[PATCH openEuler-5.10 36/59] mvpp2: recycle buffers

11 Nov 2021

From: Matteo Croce <mcroce@microsoft.com>

mainline inclusion
from mainline-v5.14-rc1
commit 133637fcfab2
category: feature
bugzilla: https://gitee.com/openeuler/kernel/issues/I4CVS3
CVE: NA

Reference: https://git.kernel.org/pub/scm/linux/kernel/git/torvalds/linux.git/commit/?i...
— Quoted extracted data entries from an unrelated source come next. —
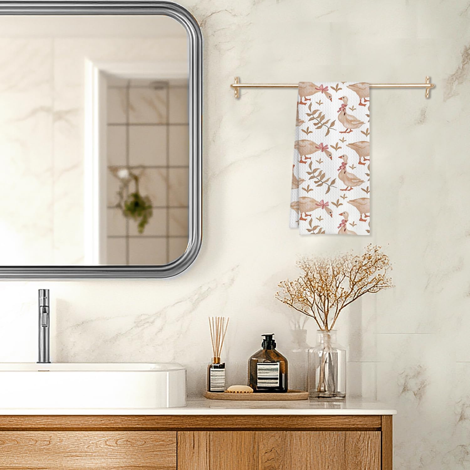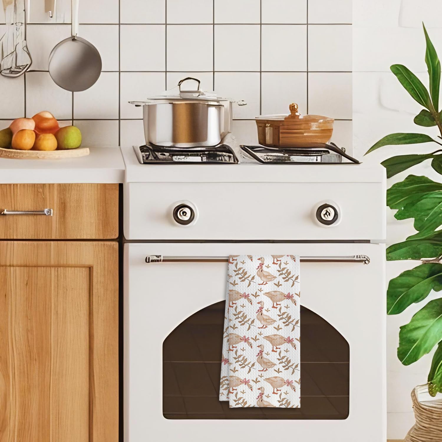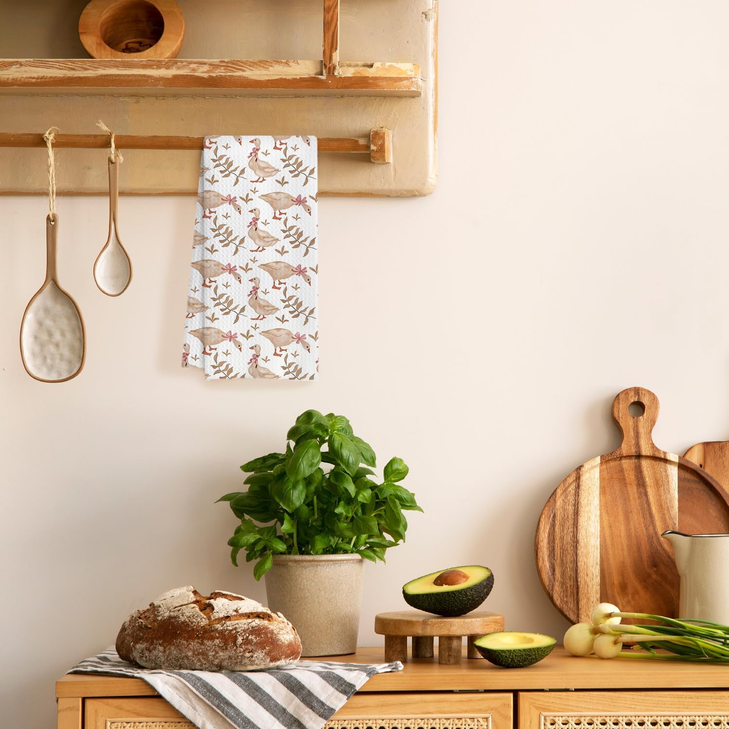 Coquette Pink Bow Silly Goose Kitchen Towels, Rustic Botanical Goose Decorative Hand Towels for Bathroom, Cottagecore Farm Animal Dish Tea Towels for Kitchen Decor, 16x24 Inches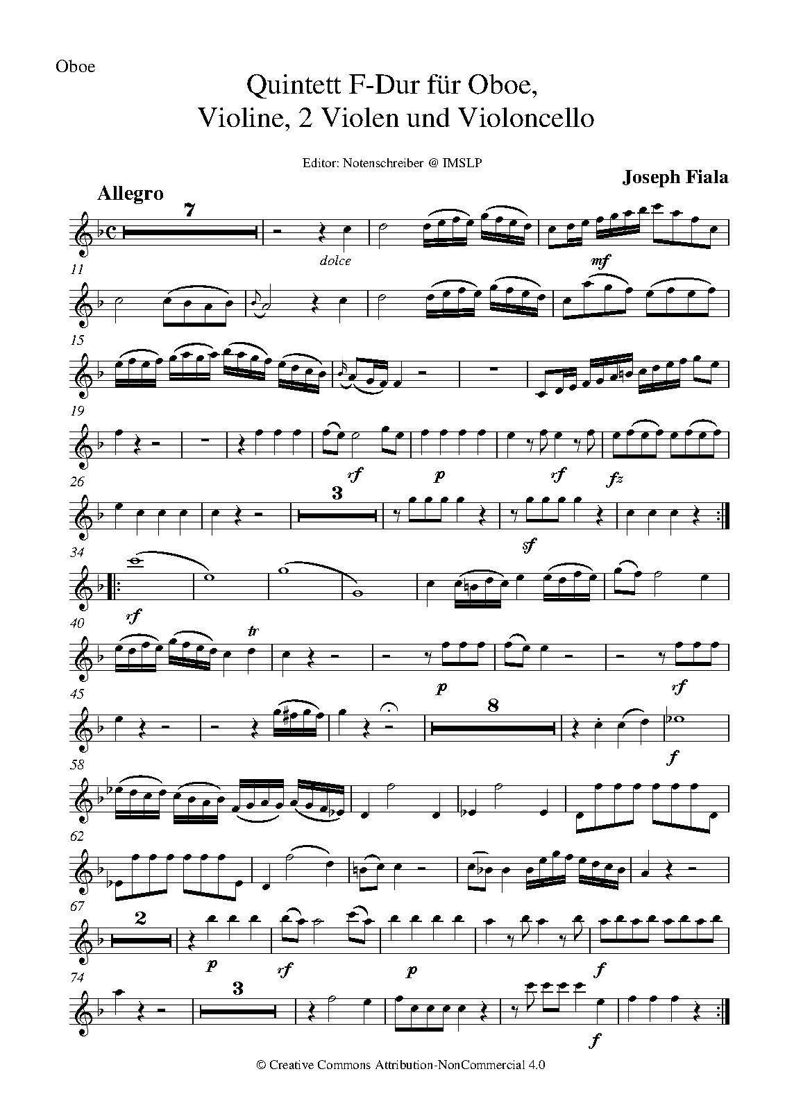 | Instrumentation | oboe (or flute), violin, 2 violas, cello |
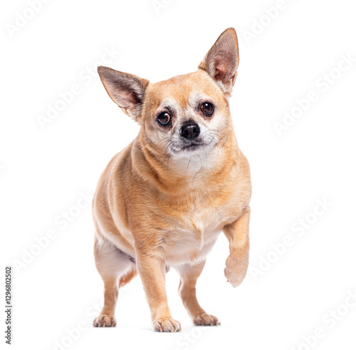 Obraz premium Small chihuahua dog standing on white background raising paw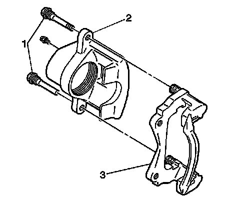 Remove the caliper pin bolts (1). Note the location of the caliper pin bolts. The leading caliper pin, or top bolt, has a bushing as part of the assembly. The trailing caliper pin, or bottom bolt, is a solid design.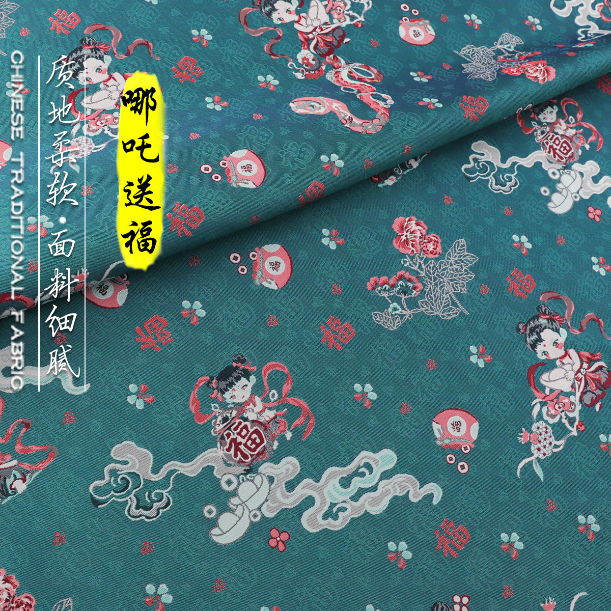 「TY016 哪吒の祝福」中国の流行模造蜀錦生地、ベストやチャイナドレス用の錦織生地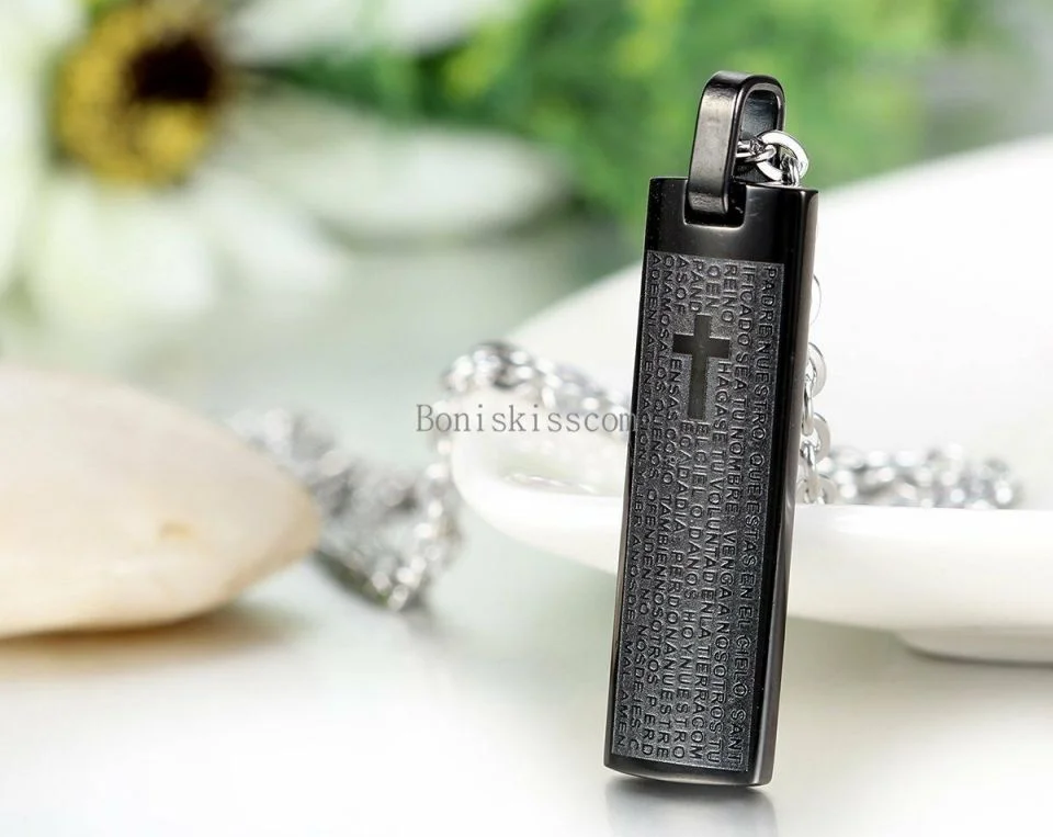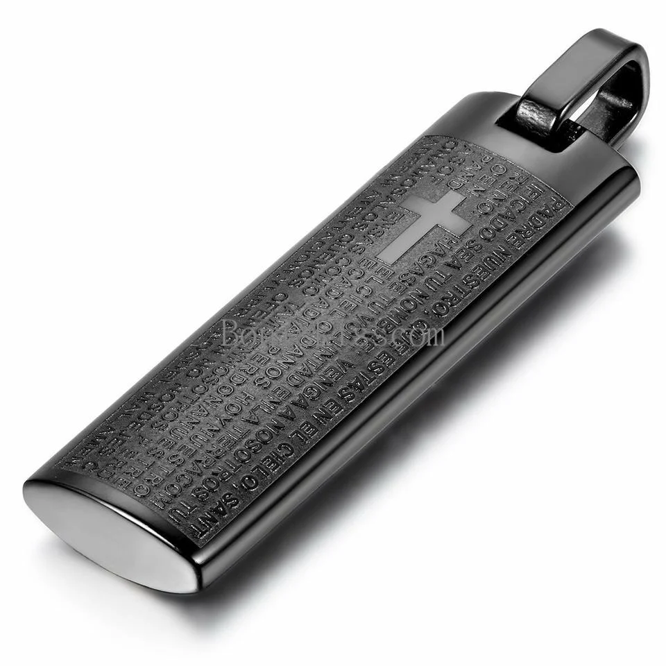 The Lord’s Prayer Titanium Necklace (Black) / Christian Catholic Church Cross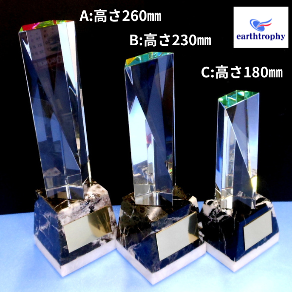 アーストロフィー クリスタルガラス Aサイズ+天然石トロフィーWHH 高さ260mm【プレート彫刻無料】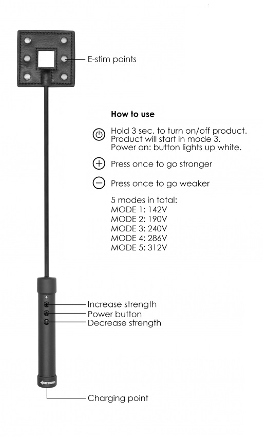 Am Griff der E-Stim Crop befinden sich insgesamt drei einfach zu bedienende Druckknöpfe. In der Mitte befindet sich ein Power-Symbol, haltet dieses einfach für 3 Sekunden gedrückt, um eure E-Stim Optionen der Gerte an oder wieder auszuschalten. Insgesamt hat sie übrigens 5 Modi und ihr startet automatisch auf Level 3. Wenn ihr euch nicht sicher seid, ob ihr lange genug gedrückt habt, könnt ihr euch durch das weiße LED-Licht versichern, welches sich anschaltet am Knopf, sobald ihr die Gerte aktiviert habt. Der obere Plus-Knopf lässt euch einfach eine Intensität hochschalten und der Minus-Knopf hingegen schaltet wieder um eine Intensität weiter runter. Damit ihr eine Vorstellung habt, wie viel Volt die einzelnen Modi haben, habe ich euch eine Liste angefertigt:

----------------------------------------------------------------------

Use the new recycling API for page_pool.
In a drop rate test, the packet rate is almost doubled,
from 1110 Kpps to 2128 Kpps.

perf top on a stock system shows:

Overhead  Shared Object     Symbol
  34.88%  [kernel]          [k] page_pool_release_page
   8.06%  [kernel]          [k] free_unref_page
   6.42%  [mvpp2]           [k] mvpp2_rx
   6.07%  [kernel]          [k] eth_type_trans
   5.18%  [kernel]          [k] __netif_receive_skb_core
   4.95%  [kernel]          [k] build_skb
   4.88%  [kernel]          [k] kmem_cache_free
   3.97%  [kernel]          [k] kmem_cache_alloc
   3.45%  [kernel]          [k] dev_gro_receive
   2.73%  [kernel]          [k] page_frag_free
   2.07%  [kernel]          [k] __alloc_pages_bulk
   1.99%  [kernel]          [k] arch_local_irq_save
   1.84%  [kernel]          [k] skb_release_data
   1.20%  [kernel]          [k] netif_receive_skb_list_internal

With packet rate stable at 1100 Kpps:

tx: 0 bps 0 pps rx: 532.7 Mbps 1110 Kpps
tx: 0 bps 0 pps rx: 532.6 Mbps 1110 Kpps
tx: 0 bps 0 pps rx: 532.4 Mbps 1109 Kpps
tx: 0 bps 0 pps rx: 532.1 Mbps 1109 Kpps
tx: 0 bps 0 pps rx: 531.9 Mbps 1108 Kpps
tx: 0 bps 0 pps rx: 531.9 Mbps 1108 Kpps

And this is the same output with recycling enabled:

Overhead  Shared Object     Symbol
  12.91%  [kernel]          [k] eth_type_trans
  12.54%  [mvpp2]           [k] mvpp2_rx
   9.67%  [kernel]          [k] build_skb
   9.63%  [kernel]          [k] __netif_receive_skb_core
   8.44%  [kernel]          [k] page_pool_put_page
   8.07%  [kernel]          [k] kmem_cache_free
   7.79%  [kernel]          [k] kmem_cache_alloc
   6.86%  [kernel]          [k] dev_gro_receive
   3.19%  [kernel]          [k] skb_release_data
   2.41%  [kernel]          [k] netif_receive_skb_list_internal
   2.18%  [kernel]          [k] page_pool_refill_alloc_cache
   1.76%  [kernel]          [k] napi_gro_receive
   1.61%  [kernel]          [k] kfree_skb
   1.20%  [kernel]          [k] dma_sync_single_for_device
   1.16%  [mvpp2]           [k] mvpp2_poll
   1.12%  [mvpp2]           [k] mvpp2_read

With packet rate above 2100 Kpps:

tx: 0 bps 0 pps rx: 1021 Mbps 2128 Kpps
tx: 0 bps 0 pps rx: 1021 Mbps 2127 Kpps
tx: 0 bps 0 pps rx: 1021 Mbps 2128 Kpps
tx: 0 bps 0 pps rx: 1021 Mbps 2128 Kpps
tx: 0 bps 0 pps rx: 1022 Mbps 2128 Kpps
tx: 0 bps 0 pps rx: 1022 Mbps 2129 Kpps

The major performance increase is explained by the fact that the most CPU
consuming functions (page_pool_release_page, page_frag_free and
free_unref_page) are no longer called on a per packet basis.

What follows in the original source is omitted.